═══ Input ═══

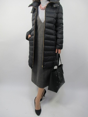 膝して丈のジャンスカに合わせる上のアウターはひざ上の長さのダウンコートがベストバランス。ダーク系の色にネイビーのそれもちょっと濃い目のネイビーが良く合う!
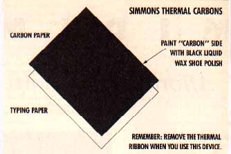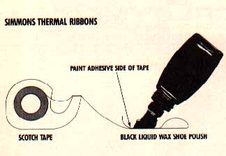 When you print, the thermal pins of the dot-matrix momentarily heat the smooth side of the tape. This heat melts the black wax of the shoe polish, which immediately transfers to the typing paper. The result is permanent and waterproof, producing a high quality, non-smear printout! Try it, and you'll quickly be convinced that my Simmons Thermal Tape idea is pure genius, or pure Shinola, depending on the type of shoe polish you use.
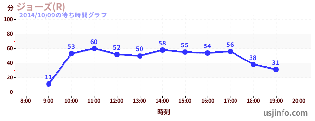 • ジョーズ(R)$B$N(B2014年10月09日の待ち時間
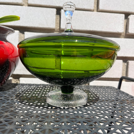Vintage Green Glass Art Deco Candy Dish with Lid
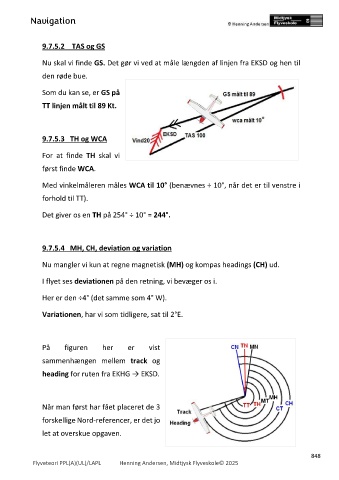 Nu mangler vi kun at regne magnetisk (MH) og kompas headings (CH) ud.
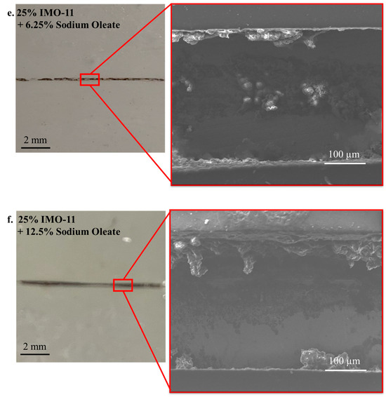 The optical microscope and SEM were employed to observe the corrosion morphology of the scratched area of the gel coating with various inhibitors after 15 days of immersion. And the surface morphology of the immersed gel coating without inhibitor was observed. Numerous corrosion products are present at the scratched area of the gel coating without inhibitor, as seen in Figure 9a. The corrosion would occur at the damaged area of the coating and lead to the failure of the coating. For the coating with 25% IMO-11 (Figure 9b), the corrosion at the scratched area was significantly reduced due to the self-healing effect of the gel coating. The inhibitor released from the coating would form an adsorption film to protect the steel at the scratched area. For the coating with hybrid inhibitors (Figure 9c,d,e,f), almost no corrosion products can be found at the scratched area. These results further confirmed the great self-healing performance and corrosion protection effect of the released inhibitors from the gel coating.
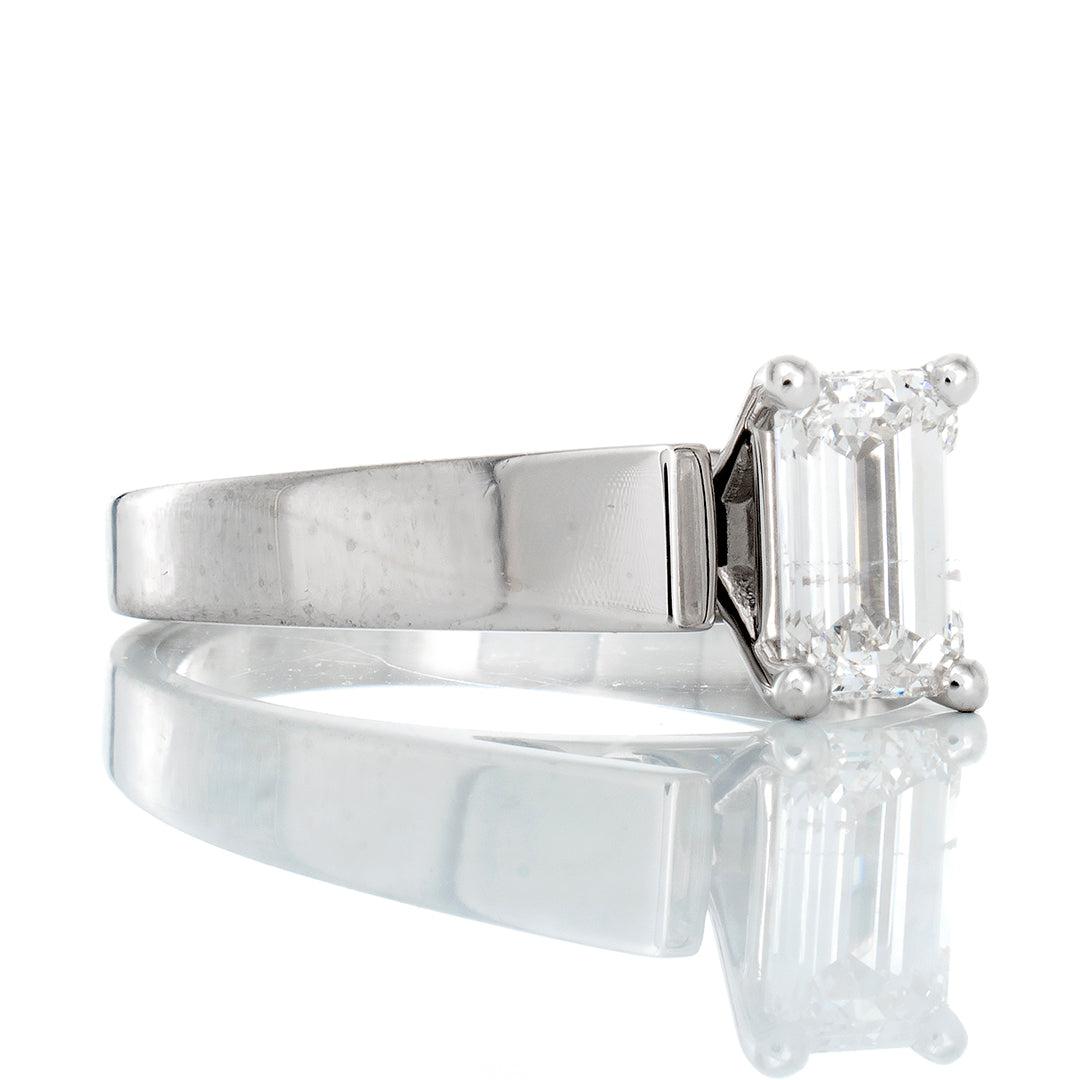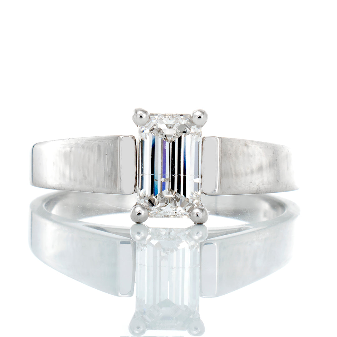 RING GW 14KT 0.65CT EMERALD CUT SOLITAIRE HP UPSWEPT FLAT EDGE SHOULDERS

═══

Up to and including the last line of the listing, starting at the line with "When you print, the", extract every line exactly and leave out the pictures.

Written answer:
 When you print, the thermal pins of the dot-matrix momentarily heat the smooth side of the tape. This heat melts the black wax of the shoe polish, which immediately transfers to the typing paper. The result is permanent and waterproof, producing a high quality, non-smear printout! Try it, and you'll quickly be convinced that my Simmons Thermal Tape idea is pure genius, or pure Shinola, depending on the type of shoe polish you use.
 • ジョーズ(R)$B$N(B2014年10月09日の待ち時間
Vintage Green Glass Art Deco Candy Dish with Lid
 Nu mangler vi kun at regne magnetisk (MH) og kompas headings (CH) ud.
 The optical microscope and SEM were employed to observe the corrosion morphology of the scratched area of the gel coating with various inhibitors after 15 days of immersion. And the surface morphology of the immersed gel coating without inhibitor was observed. Numerous corrosion products are present at the scratched area of the gel coating without inhibitor, as seen in Figure 9a. The corrosion would occur at the damaged area of the coating and lead to the failure of the coating. For the coating with 25% IMO-11 (Figure 9b), the corrosion at the scratched area was significantly reduced due to the self-healing effect of the gel coating. The inhibitor released from the coating would form an adsorption film to protect the steel at the scratched area. For the coating with hybrid inhibitors (Figure 9c,d,e,f), almost no corrosion products can be found at the scratched area. These results further confirmed the great self-healing performance and corrosion protection effect of the released inhibitors from the gel coating.
 RING GW 14KT 0.65CT EMERALD CUT SOLITAIRE HP UPSWEPT FLAT EDGE SHOULDERS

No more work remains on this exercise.